POLICE morale is lower than ever in the wake of crippling Government cuts, says Hartlepool MP Iain Wright.
Mr Wright has voiced his concerns about the impact on both officers and the general public of a 20 per cent reduction in Cleveland Police’s funding due to Government cutbacks.
He says he foresees a dire future for town residents, predicting crime will rise as a result of the knock-on effect of people losing jobs or being concerned about their future – meaning the police are needed more than ever.
Mr Wright, who has contributed to a debate on the issue in Parliament, said in his column in the Mail today: “It makes the job of a police officer that bit harder when there is added risk of rising crime and cuts in terms and conditions on an unprecedented scale.
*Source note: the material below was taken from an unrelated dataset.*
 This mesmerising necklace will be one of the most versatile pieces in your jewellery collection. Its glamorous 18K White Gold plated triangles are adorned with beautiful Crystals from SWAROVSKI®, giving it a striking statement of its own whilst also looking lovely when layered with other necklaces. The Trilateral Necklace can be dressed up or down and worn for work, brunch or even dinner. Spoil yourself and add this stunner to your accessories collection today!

“That is why police officers tell me that morale is lower than in living memory.”
He said concerned officers who contacted him told him they are finding it increasingly difficult to carry out their jobs, which Mr Wright says “is not what the decent people of Hartlepool, and the police officers who serve the town, deserve”.
Cleveland Police Federation chairman Steve Matthews said he shares Mr Wright’s concerns.
He said: “I would whole-heartedly agree with what Mr Wright is saying.
“The police are going through a very traumatic time at the moment and there is lots of uncertainty - officers are genuinely concerned about their families and job security.
“The cuts will have a huge effect on the community.
“The people of Hartlepool are going to see fewer officers on the beat and response times will unfortunately become slower and resilience of the service to deal with complaints will become much reduced. And for the officers a demoralised workforce proves difficult with dealing with problems.”
Cleveland Police needs to save £24m over the next four years and has already accepted that 230 officers will have to go over the next two years.
A survey by the Cleveland Police Federation revealed that 88 per cent of officers think cutting staff numbers will have a detrimental effect on crime levels.
Another 73 per cent believe their workloads have already increased or will increase and 90 per cent say the service will be worse for the changes.